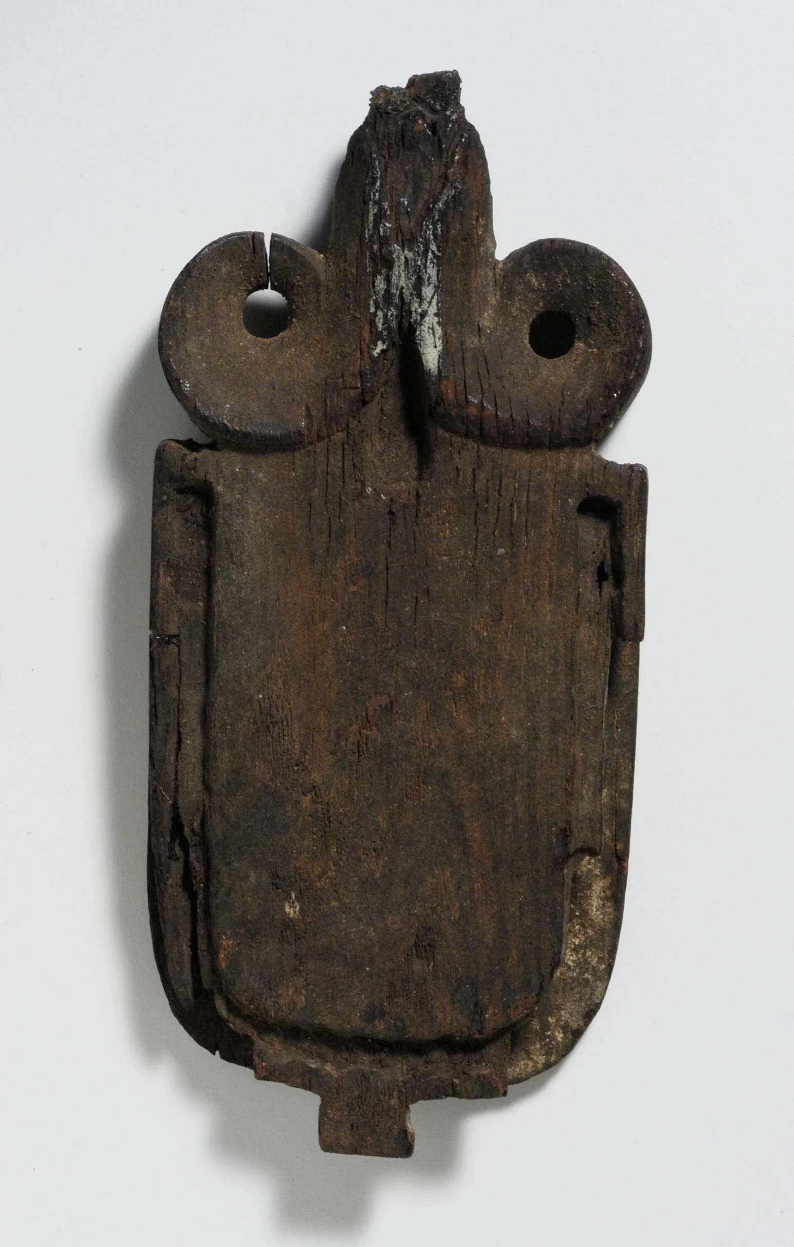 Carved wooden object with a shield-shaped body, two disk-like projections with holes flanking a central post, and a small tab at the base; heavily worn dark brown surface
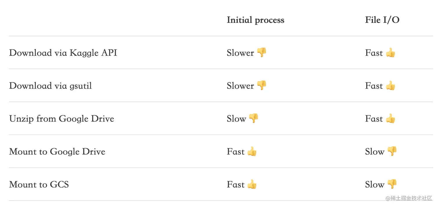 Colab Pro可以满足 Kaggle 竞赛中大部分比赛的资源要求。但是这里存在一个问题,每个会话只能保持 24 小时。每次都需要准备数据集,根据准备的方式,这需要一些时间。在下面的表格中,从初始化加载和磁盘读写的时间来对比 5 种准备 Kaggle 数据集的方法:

◆ ◆ ◆

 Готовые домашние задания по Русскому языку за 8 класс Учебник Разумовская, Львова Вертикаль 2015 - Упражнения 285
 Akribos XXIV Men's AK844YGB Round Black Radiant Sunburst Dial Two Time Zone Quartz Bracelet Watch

◆ ◆ ◆

## PROMPT
Copy exactly, without pictures, the lines above from the one with "Carved wooden object" down to the one with "Colab Pro可以满足 Kaggle", inclusive.

## RESULT OF THIS EXERCISE
 Carved wooden object with a shield-shaped body, two disk-like projections with holes flanking a central post, and a small tab at the base; heavily worn dark brown surface
 Colab Pro可以满足 Kaggle 竞赛中大部分比赛的资源要求。但是这里存在一个问题,每个会话只能保持 24 小时。每次都需要准备数据集,根据准备的方式,这需要一些时间。在下面的表格中,从初始化加载和磁盘读写的时间来对比 5 种准备 Kaggle 数据集的方法:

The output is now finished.